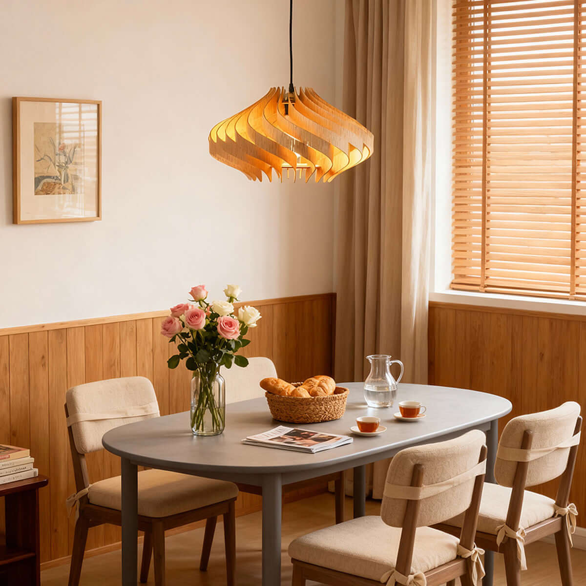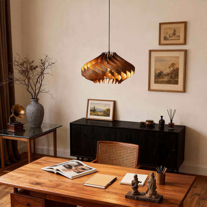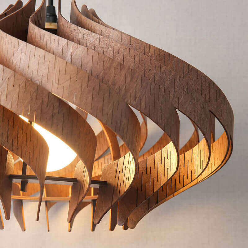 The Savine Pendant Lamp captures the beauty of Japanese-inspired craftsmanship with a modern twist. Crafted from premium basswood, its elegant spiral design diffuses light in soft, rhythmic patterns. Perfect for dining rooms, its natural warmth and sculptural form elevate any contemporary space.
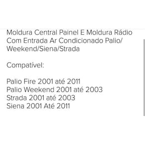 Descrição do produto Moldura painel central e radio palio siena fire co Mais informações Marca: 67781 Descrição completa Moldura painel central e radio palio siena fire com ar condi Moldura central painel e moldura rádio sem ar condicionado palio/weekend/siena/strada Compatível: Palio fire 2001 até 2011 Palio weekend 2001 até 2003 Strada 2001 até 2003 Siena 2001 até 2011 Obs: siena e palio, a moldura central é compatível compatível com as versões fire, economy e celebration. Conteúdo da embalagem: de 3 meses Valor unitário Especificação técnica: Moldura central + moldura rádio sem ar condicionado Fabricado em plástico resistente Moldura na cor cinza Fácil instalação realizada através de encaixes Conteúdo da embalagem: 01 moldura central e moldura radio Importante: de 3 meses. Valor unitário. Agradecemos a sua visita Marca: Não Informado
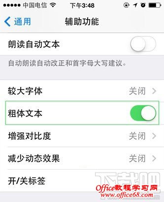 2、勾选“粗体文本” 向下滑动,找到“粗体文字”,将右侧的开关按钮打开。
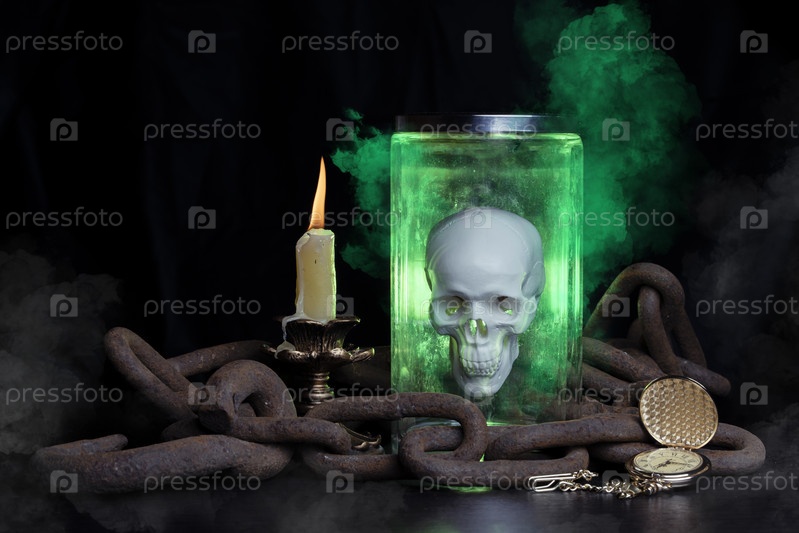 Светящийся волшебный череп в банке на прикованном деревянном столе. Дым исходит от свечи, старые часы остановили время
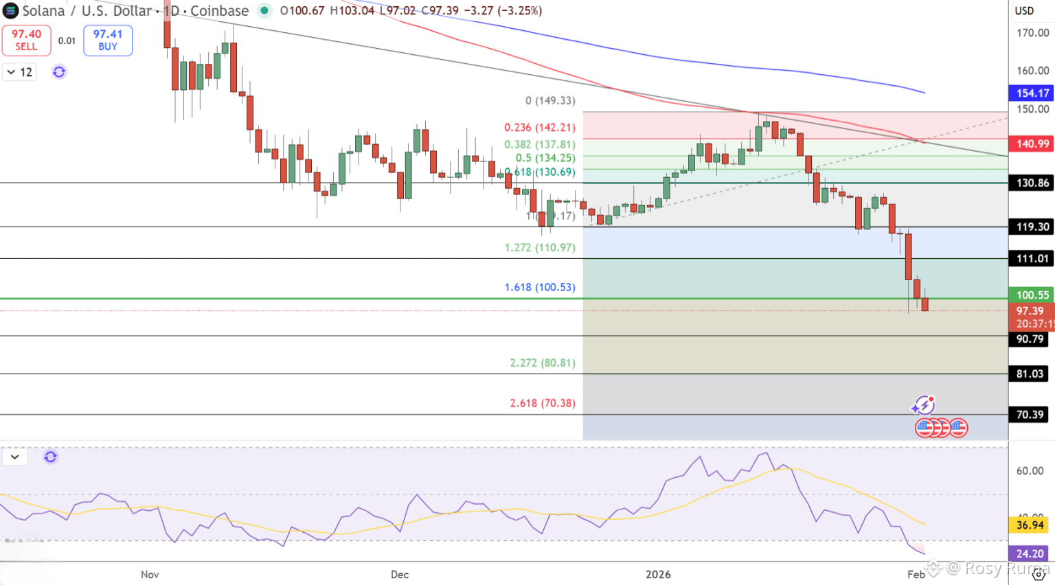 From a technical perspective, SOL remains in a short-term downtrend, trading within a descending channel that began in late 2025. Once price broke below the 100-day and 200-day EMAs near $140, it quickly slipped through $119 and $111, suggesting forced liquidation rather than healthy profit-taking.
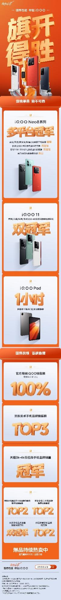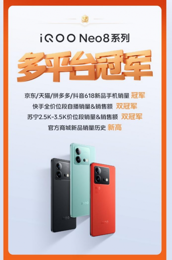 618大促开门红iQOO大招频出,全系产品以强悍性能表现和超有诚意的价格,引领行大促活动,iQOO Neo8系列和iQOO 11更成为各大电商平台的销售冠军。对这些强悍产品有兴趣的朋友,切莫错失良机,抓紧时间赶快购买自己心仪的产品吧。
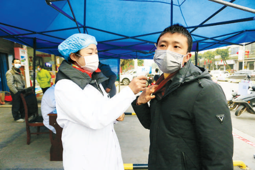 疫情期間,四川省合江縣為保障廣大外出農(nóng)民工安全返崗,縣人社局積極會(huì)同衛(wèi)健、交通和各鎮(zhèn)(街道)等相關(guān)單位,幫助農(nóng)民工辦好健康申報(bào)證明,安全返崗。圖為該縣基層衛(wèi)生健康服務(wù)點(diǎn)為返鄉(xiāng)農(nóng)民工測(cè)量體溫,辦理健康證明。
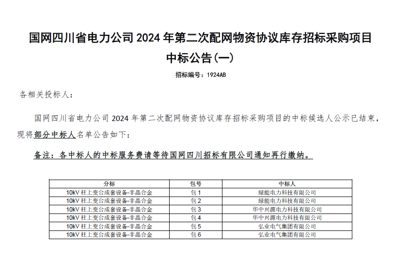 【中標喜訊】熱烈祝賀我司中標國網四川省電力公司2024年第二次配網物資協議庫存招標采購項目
------------
→ PROBLEM STATEMENT: Repeat the listing in full and exactly. Do not include any images.

→ WRITTEN RESPONSE:
 The Savine Pendant Lamp captures the beauty of Japanese-inspired craftsmanship with a modern twist. Crafted from premium basswood, its elegant spiral design diffuses light in soft, rhythmic patterns. Perfect for dining rooms, its natural warmth and sculptural form elevate any contemporary space.
 Descrição do produto Moldura painel central e radio palio siena fire co Mais informações Marca: 67781 Descrição completa Moldura painel central e radio palio siena fire com ar condi Moldura central painel e moldura rádio sem ar condicionado palio/weekend/siena/strada Compatível: Palio fire 2001 até 2011 Palio weekend 2001 até 2003 Strada 2001 até 2003 Siena 2001 até 2011 Obs: siena e palio, a moldura central é compatível compatível com as versões fire, economy e celebration. Conteúdo da embalagem: de 3 meses Valor unitário Especificação técnica: Moldura central + moldura rádio sem ar condicionado Fabricado em plástico resistente Moldura na cor cinza Fácil instalação realizada através de encaixes Conteúdo da embalagem: 01 moldura central e moldura radio Importante: de 3 meses. Valor unitário. Agradecemos a sua visita Marca: Não Informado
 2、勾选“粗体文本” 向下滑动,找到“粗体文字”,将右侧的开关按钮打开。
 Светящийся волшебный череп в банке на прикованном деревянном столе. Дым исходит от свечи, старые часы остановили время
 From a technical perspective, SOL remains in a short-term downtrend, trading within a descending channel that began in late 2025. Once price broke below the 100-day and 200-day EMAs near $140, it quickly slipped through $119 and $111, suggesting forced liquidation rather than healthy profit-taking.
 618大促开门红iQOO大招频出,全系产品以强悍性能表现和超有诚意的价格,引领行大促活动,iQOO Neo8系列和iQOO 11更成为各大电商平台的销售冠军。对这些强悍产品有兴趣的朋友,切莫错失良机,抓紧时间赶快购买自己心仪的产品吧。
 疫情期間,四川省合江縣為保障廣大外出農(nóng)民工安全返崗,縣人社局積極會(huì)同衛(wèi)健、交通和各鎮(zhèn)(街道)等相關(guān)單位,幫助農(nóng)民工辦好健康申報(bào)證明,安全返崗。圖為該縣基層衛(wèi)生健康服務(wù)點(diǎn)為返鄉(xiāng)農(nóng)民工測(cè)量體溫,辦理健康證明。
 【中標喜訊】熱烈祝賀我司中標國網四川省電力公司2024年第二次配網物資協議庫存招標采購項目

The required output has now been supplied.